Frequency-Angle Two-Dimensional Reflection Coefficient Modeling Based on Terahertz Channel Measurement

TL;DR

This paper develops a new frequency-angle two-dimensional reflection coefficient model for THz channels based on extensive measurements, improving the accuracy of channel modeling by incorporating material-specific reflection properties.

Contribution

It introduces a modified Fresnel-based model using Lorenz and Drude models to better fit THz reflection data across frequencies and incident angles.

Findings

The model accurately fits measured reflection coefficients with low RMS error.

Reflection characteristics vary significantly with frequency and incident angle.

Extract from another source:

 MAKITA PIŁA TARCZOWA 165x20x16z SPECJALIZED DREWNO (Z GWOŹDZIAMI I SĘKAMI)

The model improves THz channel simulations for communication system design.

Abstract

Terahertz (THz) channel propagation characteristics are vital for the design, evaluation, and optimization for THz communication systems. Moreover, reflection plays a significant role in channel propagation. In this letter, the reflection coefficient of the THz channel is researched based on extensive measurement campaigns. Firstly, we set up the THz channel sounder from 220 to 320 GHz with the incident angle ranging from 10{\deg} to 80{\deg}. Based on the measured propagation loss, the reflection coefficients of five building materials, i.e., glass, tile, aluminium alloy, board, and plasterboard, are calculated separately for frequencies and incident angles. It is found that the lack of THz relative parameters leads to the Fresnel model of non-metallic materials can not fit the measured data well. Thus, we propose a frequency-angle two-dimensional reflection coefficient model by modifying the Fresnel model with the Lorenz and Drude model. The proposed model characterizes the frequency and incident angle for reflection coefficients and shows low root-mean-square error with the measured data. Generally, these results are useful for modeling THz channels.